Безумные люди совершают безумные поступки. Посылая к черту мысли о том, чем все это может обернуться.
15
Уже за полночь. Выключив свет, я сижу в кабинете и через окно смотрю на город, точнее, на то, что я могу еще увидеть, на дома из саманного кирпича, в которых уже погас свет, на офисы государственных учреждений, тоже погруженные во мрак. Кроме меня, никого больше нет.
Я чувствую, что оказался на распутье. Подобное ощущение возникало у меня и раньше, похоже, вне зависимости от того, где я и что я, оно прочно вошло в мою жизнь. По своему характеру я всегда был склонен драматизировать положение вещей, в суде это оказывалось мне на руку, но теперь, когда я наконец попытался разобраться, что к чему, боюсь, привычка выходит мне боком. В итоге я потерял дружеские отношения с людьми, которыми дорожил, начал выдумывать проблемы на пустом месте или преувеличивать их. У меня появилась потребность делать из мухи слона, превращая это раздражение в источник душевных терзаний, пока они не становились реальностью и я не обрушивался на причины их возникновения – не на самого себя, кого и следовало винить в первую очередь, а на причины, которые сам же и придумал. Беда в том, что я из числа тех, кто скорее даст отрезать себе нос, чем позволит унизить. Я так и не сумел преодолеть в себе эти детские взгляды на жизнь. Кроме того, что-то ущербное есть во мне самом, я это чувствую. Психолог, возможно, сказал бы, что я считаю себя недостойным того, чтобы ко мне относились по-хорошему, вот и стремлюсь, чтобы ко мне так не относились. В результате же я лишаюсь самого важного – способности, когда не сгораю от жалости к самому себе, радоваться жизни, чувствовать всю ее прелесть на самом деле. Я злюсь на Энди и Фреда, но было время, когда они мне нравились, нас многое связывало, вместе нам удалось добиться кое-чего значительного, что просуществовало какое-то время, но на заключительном этапе уже без меня. И я сам все разрушил. Не они, а я. Уже столько времени прошло с тех пор, как мы с Патрицией расстались, что всех деталей и не помню, но уверен: и в этом случае я вел себя приблизительно так же – все то же самолюбование, потребность все время находиться на переднем плане, чувствовать себя важной птицей, помыкать людьми, контролировать их. Я согласен, в конечном счете нашим отношениям, вне всякого сомнения, все равно пришел бы конец, ведь причина та, что вел я себя не как мужчина, не как настоящий мужчина.

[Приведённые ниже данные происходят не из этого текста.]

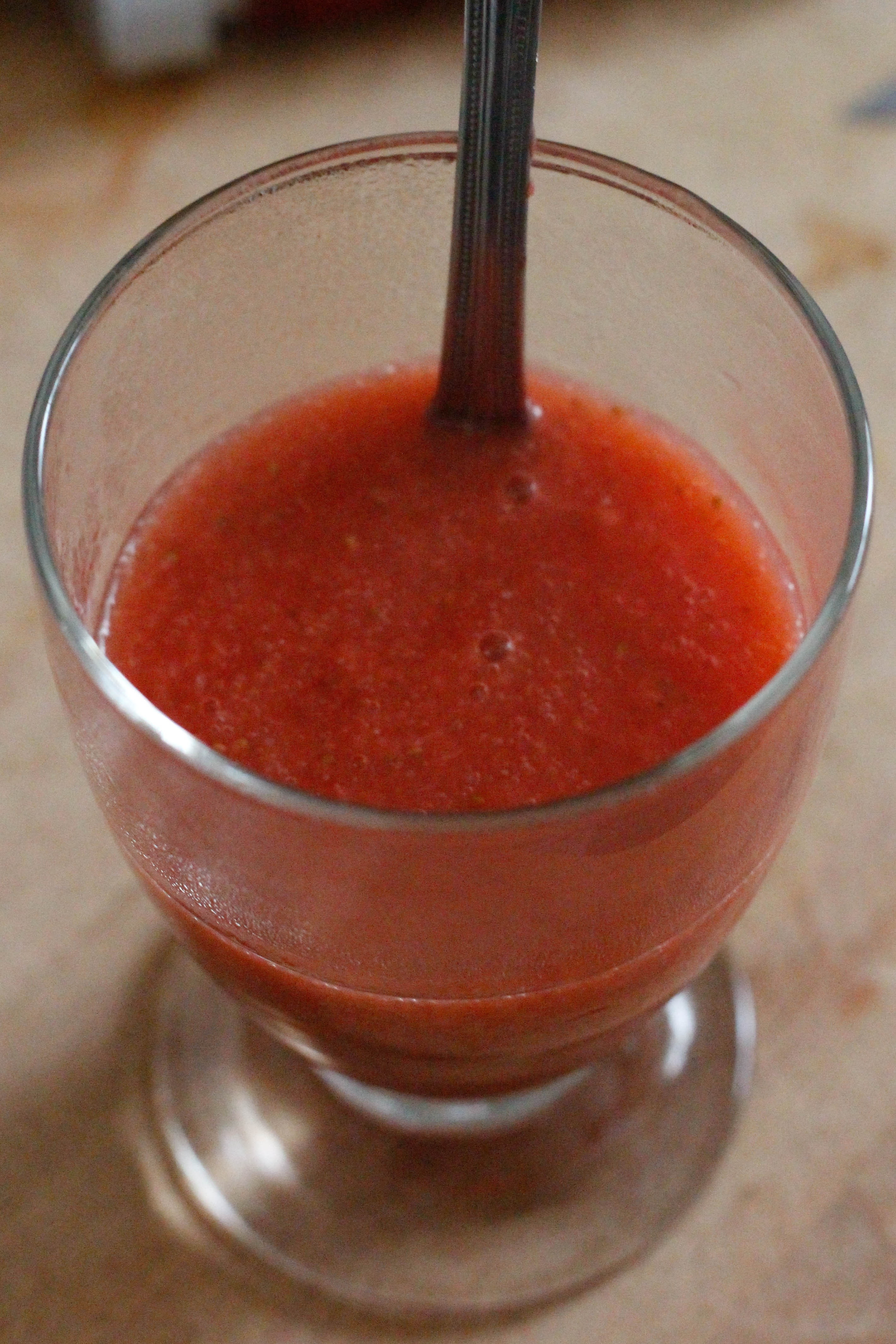 Add the cooled strawberry purée to the remaining buttercream, again, beating in a little at a time to desired taste and texture.

Боюсь, так же будет и с Мэри-Лу, а я не хочу, чтобы так было. Я начинаю бояться, что мне на роду написано собственными руками ставить крест на том, что мне дороже всего на свете. Это меня пугает.

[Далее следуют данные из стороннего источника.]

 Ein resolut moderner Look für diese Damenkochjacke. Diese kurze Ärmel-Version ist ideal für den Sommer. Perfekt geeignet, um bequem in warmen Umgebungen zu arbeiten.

Такие невеселые мысли догнали меня во второй половине дня, когда я возвратился из тюрьмы в город, доработал до конца дня, попрощался со Сьюзен, поболтался еще какое-то время просто так, делая вид, что занимаюсь работой. Сегодня вечером мне не хотелось уходить со службы, сам не знаю почему. Может, потому, что если я пойду домой, лягу спать, то эти мысли исчезнут сами собой, этот эпизод станет достоянием прошлого, а кто знает, что принесет с собой следующее утро?

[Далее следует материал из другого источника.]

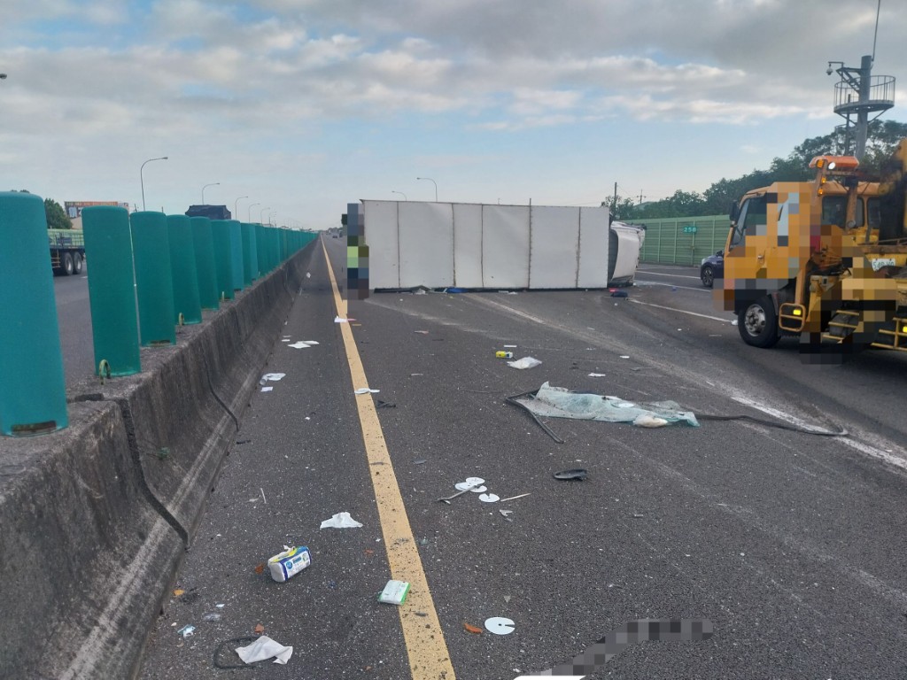 國1嘉義民雄段大貨車變換車道失控側翻 駕駛輕傷送醫

Возвращаясь в город, я думал о рокерах, о том, как несправедливо обошлась с ними судьба, о том, что проживут они на свете меньше, чем думали, о том, как тяжело все это им дается, тяжелее, чем ному бы то ни было, потому что они – бандиты, бандиты в романтическом смысле этого слова, по самой своей природе признанные носиться взад-вперед так же дико и необузданно, как носятся мустанги. Для них попасть в клетку еще хуже, чем оказаться в глухой изоляции, это все равно, что навесить замок им на душу, лишить собственного «я». Сам того не сознавая, я стал ловить себя на том, что сопереживаю им, воображая, что и я заодно с ними – адвокат-бандит со своими подзащитными – бандитами-рокерами. Такая ассоциация пришлась мне по вкусу. Этакий Хантер Томпсон среди адвокатов! Я воображаю, как мчусь на мотоцикле по горам и долинам, на заднем сиденье – мальчишка-рокер, обхвативший руками мою мощную спину, который и пьет, и распутничает и так далее в том же духе. Разумеется, в отличие от них, для меня это не призвание, а лишь минутная мечта, из которой я, окунувшись, тут же выплыву наружу. Это было классно, как классно было бы стать рок-звездой и потусоваться вместе с Миком Джеггером и остальными ребятами. Бандит-знаменитость!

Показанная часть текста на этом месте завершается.